Stored records:
────────────────

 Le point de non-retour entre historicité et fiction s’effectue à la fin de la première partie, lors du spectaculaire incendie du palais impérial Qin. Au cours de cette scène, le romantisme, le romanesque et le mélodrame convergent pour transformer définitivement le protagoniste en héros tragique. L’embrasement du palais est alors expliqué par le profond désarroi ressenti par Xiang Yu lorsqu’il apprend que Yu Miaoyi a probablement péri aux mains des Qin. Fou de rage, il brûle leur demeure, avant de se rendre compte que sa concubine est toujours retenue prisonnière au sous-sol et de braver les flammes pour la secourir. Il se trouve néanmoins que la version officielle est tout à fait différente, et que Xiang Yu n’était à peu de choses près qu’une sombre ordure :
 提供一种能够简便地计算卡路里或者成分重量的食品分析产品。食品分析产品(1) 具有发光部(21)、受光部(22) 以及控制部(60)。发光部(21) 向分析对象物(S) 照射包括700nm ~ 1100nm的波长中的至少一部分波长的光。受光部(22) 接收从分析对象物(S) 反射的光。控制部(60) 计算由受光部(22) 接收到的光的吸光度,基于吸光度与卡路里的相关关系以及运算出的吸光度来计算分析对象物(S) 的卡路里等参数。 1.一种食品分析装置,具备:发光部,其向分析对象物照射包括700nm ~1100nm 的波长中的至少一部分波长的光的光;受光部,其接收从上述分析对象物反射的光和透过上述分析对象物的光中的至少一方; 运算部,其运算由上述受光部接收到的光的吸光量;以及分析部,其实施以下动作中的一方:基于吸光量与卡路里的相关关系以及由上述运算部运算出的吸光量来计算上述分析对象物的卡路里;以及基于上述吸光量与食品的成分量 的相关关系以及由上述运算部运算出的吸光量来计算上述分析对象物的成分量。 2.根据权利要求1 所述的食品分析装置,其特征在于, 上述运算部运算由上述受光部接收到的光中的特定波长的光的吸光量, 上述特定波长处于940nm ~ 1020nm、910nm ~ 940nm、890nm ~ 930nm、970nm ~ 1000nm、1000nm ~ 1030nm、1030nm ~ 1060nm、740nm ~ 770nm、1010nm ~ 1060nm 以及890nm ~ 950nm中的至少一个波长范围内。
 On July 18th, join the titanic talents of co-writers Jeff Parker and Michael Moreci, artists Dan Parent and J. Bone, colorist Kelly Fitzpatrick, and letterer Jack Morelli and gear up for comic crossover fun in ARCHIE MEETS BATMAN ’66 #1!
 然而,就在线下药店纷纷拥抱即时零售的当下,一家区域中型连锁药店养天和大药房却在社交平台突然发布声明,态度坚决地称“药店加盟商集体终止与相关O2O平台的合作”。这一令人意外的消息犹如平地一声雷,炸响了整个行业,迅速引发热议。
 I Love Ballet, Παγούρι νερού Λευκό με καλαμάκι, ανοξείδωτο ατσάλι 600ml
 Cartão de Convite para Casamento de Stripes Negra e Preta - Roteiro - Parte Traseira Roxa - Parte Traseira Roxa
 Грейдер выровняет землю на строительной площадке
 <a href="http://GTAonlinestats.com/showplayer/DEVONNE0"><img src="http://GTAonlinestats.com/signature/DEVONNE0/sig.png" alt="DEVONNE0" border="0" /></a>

────────────────

To do: Reproduce every record above exactly.

Written solution:
 Le point de non-retour entre historicité et fiction s’effectue à la fin de la première partie, lors du spectaculaire incendie du palais impérial Qin. Au cours de cette scène, le romantisme, le romanesque et le mélodrame convergent pour transformer définitivement le protagoniste en héros tragique. L’embrasement du palais est alors expliqué par le profond désarroi ressenti par Xiang Yu lorsqu’il apprend que Yu Miaoyi a probablement péri aux mains des Qin. Fou de rage, il brûle leur demeure, avant de se rendre compte que sa concubine est toujours retenue prisonnière au sous-sol et de braver les flammes pour la secourir. Il se trouve néanmoins que la version officielle est tout à fait différente, et que Xiang Yu n’était à peu de choses près qu’une sombre ordure :
 提供一种能够简便地计算卡路里或者成分重量的食品分析产品。食品分析产品(1) 具有发光部(21)、受光部(22) 以及控制部(60)。发光部(21) 向分析对象物(S) 照射包括700nm ~ 1100nm的波长中的至少一部分波长的光。受光部(22) 接收从分析对象物(S) 反射的光。控制部(60) 计算由受光部(22) 接收到的光的吸光度,基于吸光度与卡路里的相关关系以及运算出的吸光度来计算分析对象物(S) 的卡路里等参数。 1.一种食品分析装置,具备:发光部,其向分析对象物照射包括700nm ~1100nm 的波长中的至少一部分波长的光的光;受光部,其接收从上述分析对象物反射的光和透过上述分析对象物的光中的至少一方; 运算部,其运算由上述受光部接收到的光的吸光量;以及分析部,其实施以下动作中的一方:基于吸光量与卡路里的相关关系以及由上述运算部运算出的吸光量来计算上述分析对象物的卡路里;以及基于上述吸光量与食品的成分量 的相关关系以及由上述运算部运算出的吸光量来计算上述分析对象物的成分量。 2.根据权利要求1 所述的食品分析装置,其特征在于, 上述运算部运算由上述受光部接收到的光中的特定波长的光的吸光量, 上述特定波长处于940nm ~ 1020nm、910nm ~ 940nm、890nm ~ 930nm、970nm ~ 1000nm、1000nm ~ 1030nm、1030nm ~ 1060nm、740nm ~ 770nm、1010nm ~ 1060nm 以及890nm ~ 950nm中的至少一个波长范围内。
 On July 18th, join the titanic talents of co-writers Jeff Parker and Michael Moreci, artists Dan Parent and J. Bone, colorist Kelly Fitzpatrick, and letterer Jack Morelli and gear up for comic crossover fun in ARCHIE MEETS BATMAN ’66 #1!
 然而,就在线下药店纷纷拥抱即时零售的当下,一家区域中型连锁药店养天和大药房却在社交平台突然发布声明,态度坚决地称“药店加盟商集体终止与相关O2O平台的合作”。这一令人意外的消息犹如平地一声雷,炸响了整个行业,迅速引发热议。
 I Love Ballet, Παγούρι νερού Λευκό με καλαμάκι, ανοξείδωτο ατσάλι 600ml
 Cartão de Convite para Casamento de Stripes Negra e Preta - Roteiro - Parte Traseira Roxa - Parte Traseira Roxa
 Грейдер выровняет землю на строительной площадке
 <a href="http://GTAonlinestats.com/showplayer/DEVONNE0"><img src="http://GTAonlinestats.com/signature/DEVONNE0/sig.png" alt="DEVONNE0" border="0" /></a>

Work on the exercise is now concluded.